Kondo M, Kojima S, Kato K, Matsuyama T
Division of Hematology/Oncology, Children's Medical Center, Japanese Red Cross Nagoya First Hospital.
Bone Marrow Transplant. 1998 Nov;22(10):995-8. doi: 10.1038/sj.bmt.1701482.
We analyzed the incidence, complications, and risk factors for late-onset hemorrhagic cystitis (HC) in 256 children undergoing hematopoietic stem cell transplantation (HSCT). Twenty-six recipients (10.2%) developed late-onset HC between 3 and 270 days (median, 33 days) after HSCT. In most patients, the severity of HC was mild to moderate, and spontaneous resolution occurred. Three children developed bladder tamponade, and one required suprapubic cystotomy. Four children died in the early post-transplant period without resolution of HC, but HC was not the direct cause of death in any patient. Twenty-two patients recovered within 6-86 days (median, 16 days) of onset. Three predisposing factors were identified for development of late-onset HC by multivariate analysis: allogeneic HSCT, older age (> or = 7 years), and busulphan for pretransplant conditioning were significantly associated with late-onset HC (P=0.022, P=0.044 and P=0.036, respectively). Excretion of adenovirus type 11 was demonstrated in six of 22 patients at the onset of cystitis. We suspect that reactivation of virus may be a major pathogenic factor in late-onset HC, but several clinical factors are also associated.

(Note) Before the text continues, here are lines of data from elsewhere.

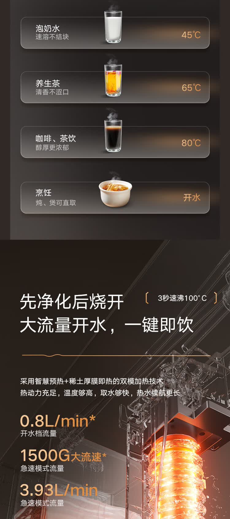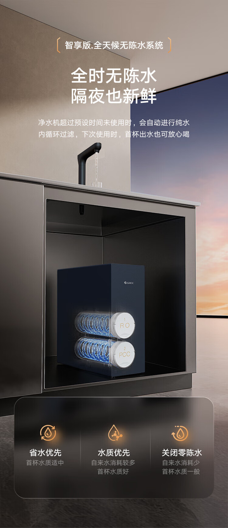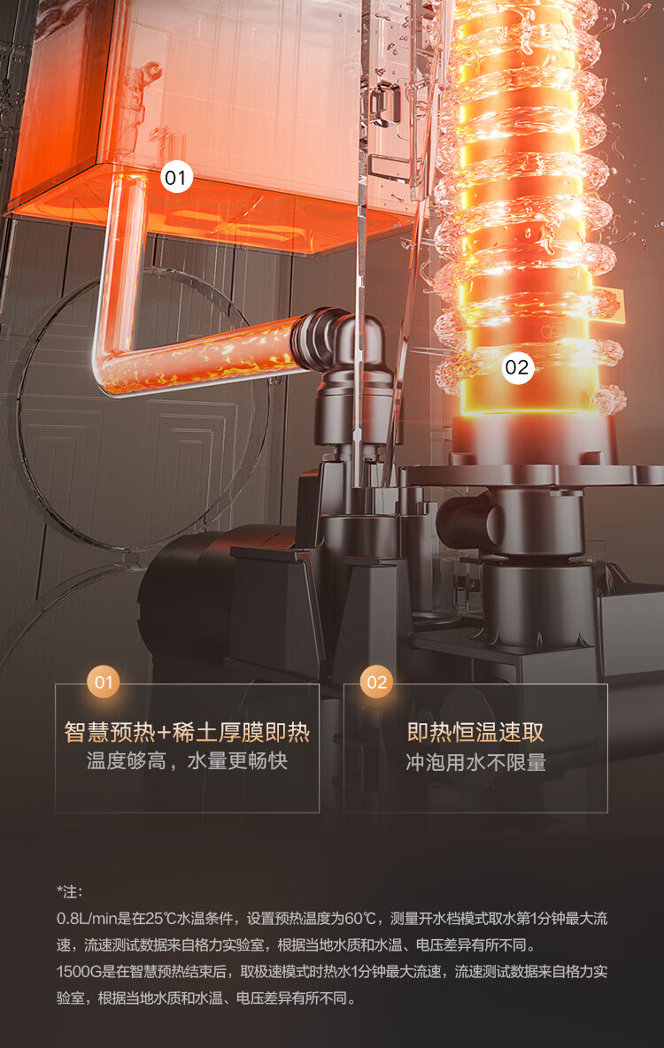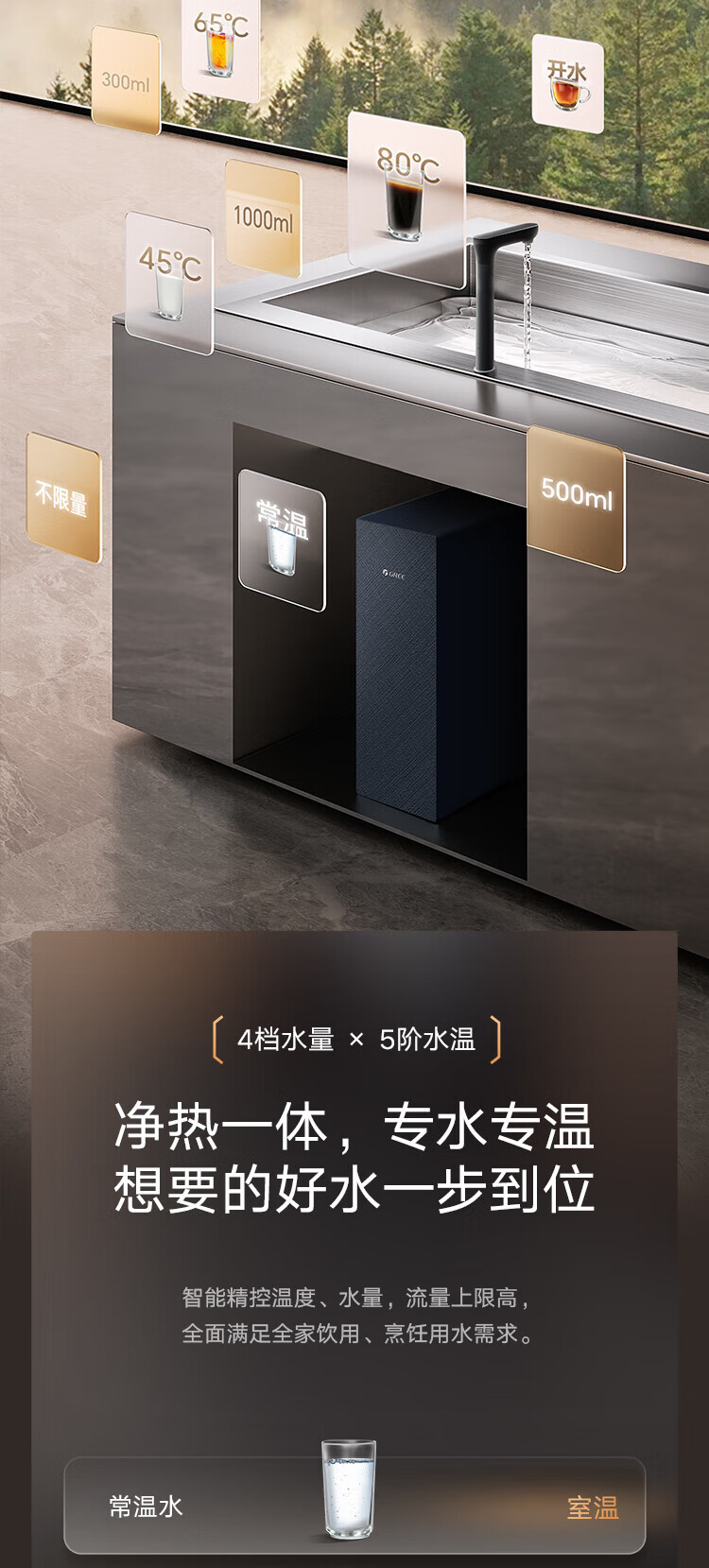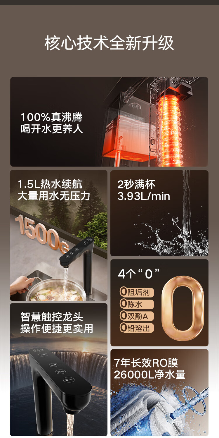 格力(GREE)1000G通量1500G温热水流速厨下式净水器反渗透家用直饮净热一体机一机顶五机WTE-PRC800-2X801A
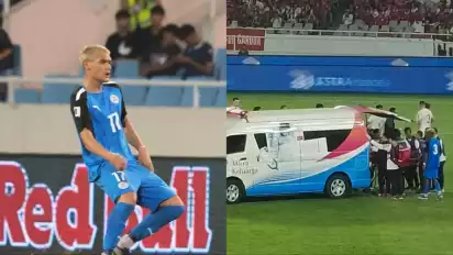 Adrian Ugelvik dibawa mobil ambulans saat laga kontra Indonesia di SUGBK. Sumber: Instagram @adrianugelvik - tvOnenews.com/Ilham Giovani
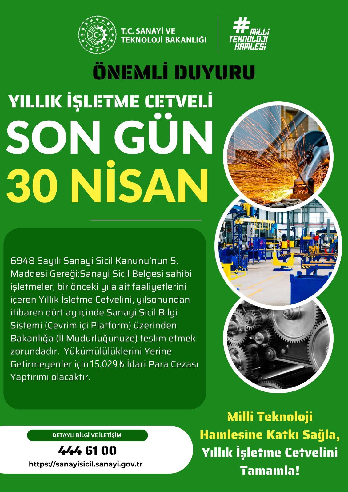 Bu kapsamda, sanayi siciline kayıtlı işletmelerin 2025 yılına ait Yıllık İşletme Cetvellerini, Sanayi ve Teknoloji Bakanlığı tarafından yayımlanan SGM 2014/11 No’lu Tebliğ doğrultusunda e-Devlet Kapısı veya Sanayi Sicil Bilgi Sistemi (sanayisicil.sanayi.gov.tr) üzerinden elektronik ortamda vermeleri gerektiği ifade edildi.
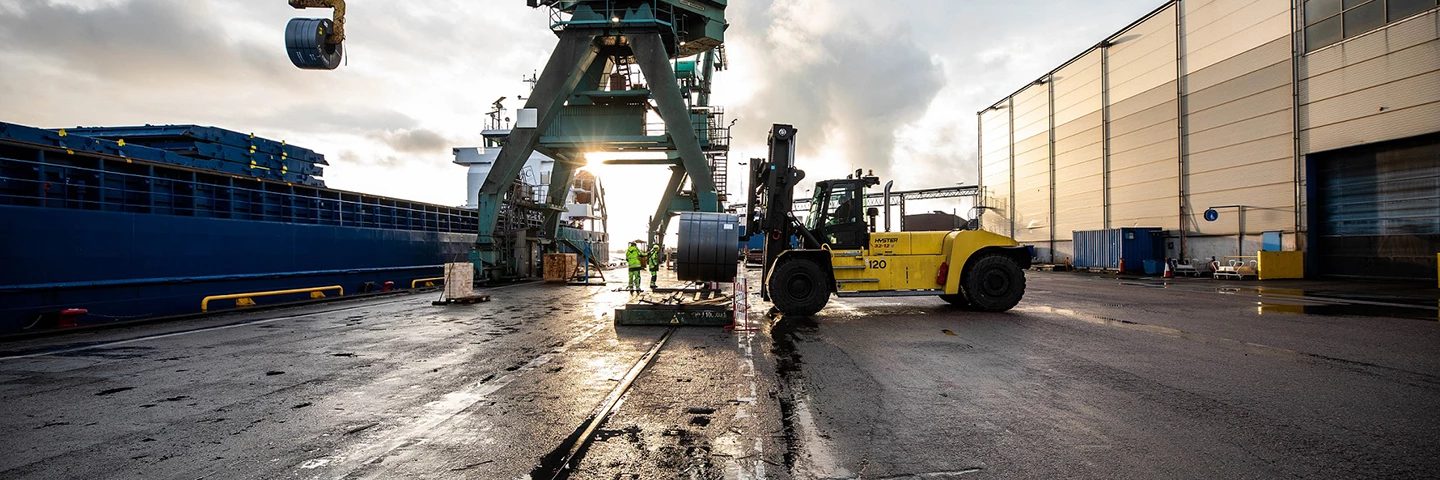 КРЕПКИЕ ПОГРУЗЧИКИ HYSTER® ДЛЯ ПЕРЕВАЛКИ РУЛОНОВ И ЛИСТОВОГО МЕТАЛЛА В ШВЕДСКОМ ПОРТУ ОКСЕЛОЗУНД
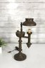 Beautiful vintage brass student-style electric table lamp featuring a traditional double-arm design with a metal shade and clear glass chimney. This lamp captures the look of an antique oil lamp but operates with modern electric convenience.
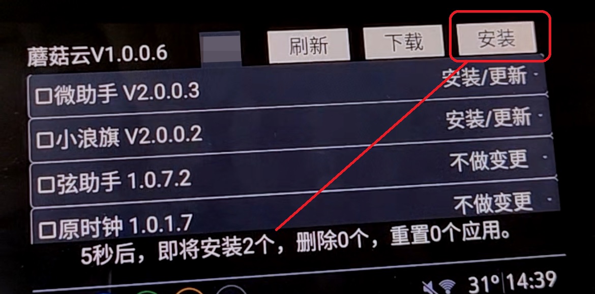 选择“卸载”,点击“下载”->“安装”;车机重启后,即可完成精简。
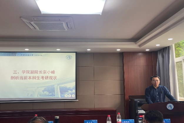 随后,公司副经理陈略峰介绍了公司近年研究生招生政策,通过历年来的详实数据分析了近三年公司毕业生的考研率、升学率和考研分数,指出当前考研的激烈竞争形势,并分享了自身读研深造经历和感悟,建议同学们要充分了解研究生学习生涯状况并做好心理选择、专业知识、实习实践等方面的准备,无论将来是择业就业还是升学深造都要夯实基础,谋划未来。
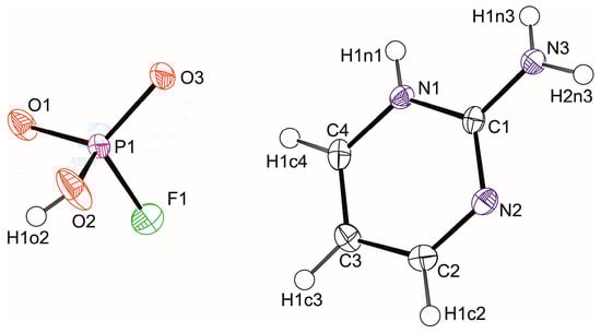 An overview of the amounts of the used reactants for preparation of the title structures is given in Table S1 (Supplementary Materials). Table S2 (Supplementary Materials) contains information about preparation of the related system of 2-aminopyrimidine and H3PO3. All the prepared crystals were colourless and transparent. (C4H6N3)+.(H2O3P)− and (C4H6N3)+.(HFO3P)- seem not to be hygroscopic while forming needles, the length of which was about 1 mm. (C4H6N3)+2·(FO3P)2− is hygroscopic and forms plates of several mm of length. The plates were about 0.3 mm thick. (C4H6N3)+.(HFO3P)− seems to be harder than (C4H6N3)+2·(FO3P)2−.
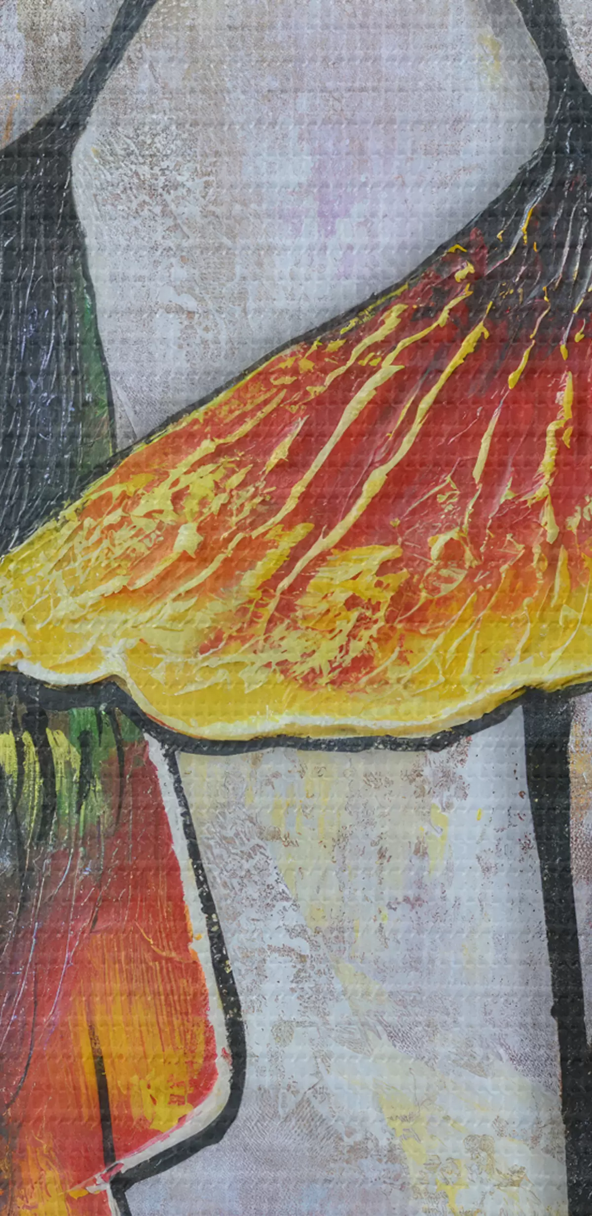 Het schilderij kan direct na ontvangst worden opgehangen. Het schilderij wordt opgespannen op een 2 cm breed houten spieraam.
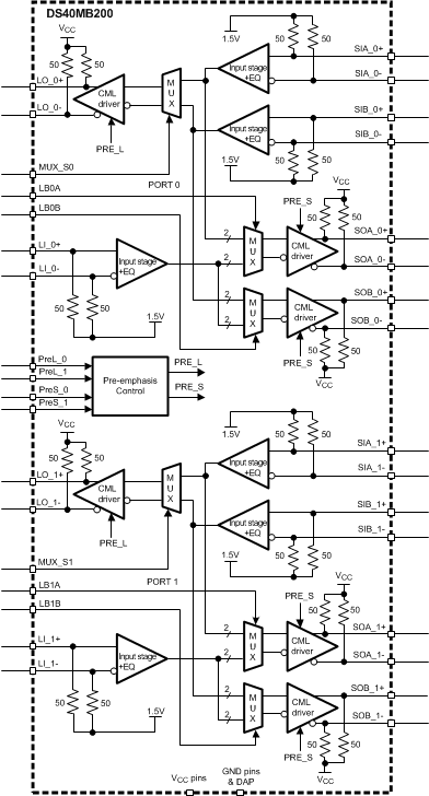 All output drivers have four selectable steps of pre-emphasis to compensate for transmission losses from long FR4 backplanes and reduce deterministic jitter. The pre-emphasis levels can be independently controlled for the line-side and switch-side drivers. The internal loopback paths from switch-side input to switch-side output enable at-speed system testing. All receiver inputs are internally terminated with 100-Ω differential terminating resistors. All drivers are internally terminated with 50 Ω to VCC.
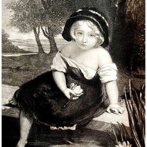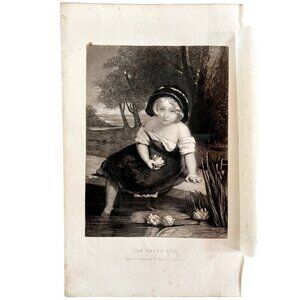 Water Lily Steel Engraving 1859 Victorian Adorable Girl At The Pond Art DWY5C
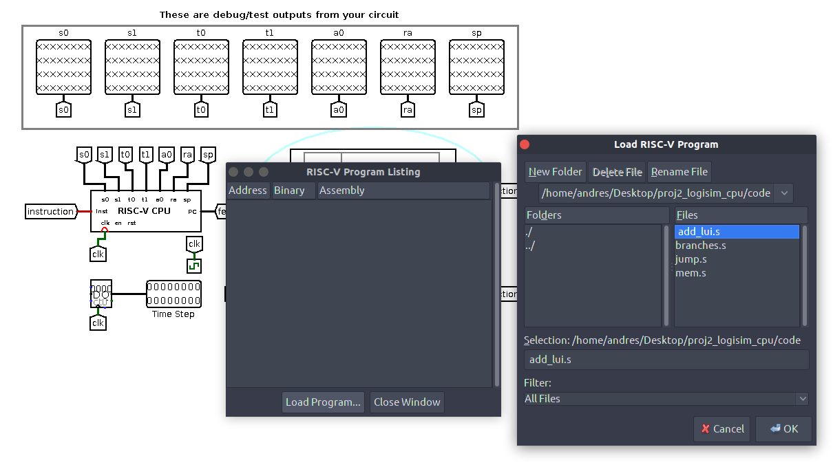 En este proyecto utilizaremos Logisim para implementar un procesador de 32-bits, cuyo ISA es un subset de las instrucciones de RISC-V. Algunos componentes del proyecto serán más sencillos que los componentes de hardware verdaderos para evitar realizar trabajo repetitivo. Nuestro ISA utiliza 32 registros de 32 bits cada uno y una memoria, cuyas direcciones son de 32 bits.

我们分析了256例接受造血干细胞移植(HSCT)的儿童迟发性出血性膀胱炎(HC)的发病率、并发症及危险因素。26例受者(10.2%)在HSCT后3至270天(中位数为33天)发生迟发性HC。大多数患者HC的严重程度为轻至中度,且可自发缓解。3例儿童出现膀胱填塞,1例需要耻骨上膀胱切开术。4例儿童在移植后早期死亡,HC未缓解,但HC并非任何患者的直接死因。22例患者在发病后6至86天(中位数为16天)内康复。多因素分析确定了迟发性HC发生的3个易感因素:异基因HSCT、年龄较大(≥7岁)以及移植前预处理使用白消安与迟发性HC显著相关(P分别为0.022、0.044和0.036)。22例膀胱炎发病患者中有6例检测到11型腺病毒排泄。我们怀疑病毒再激活可能是迟发性HC的主要致病因素,但也与一些临床因素有关。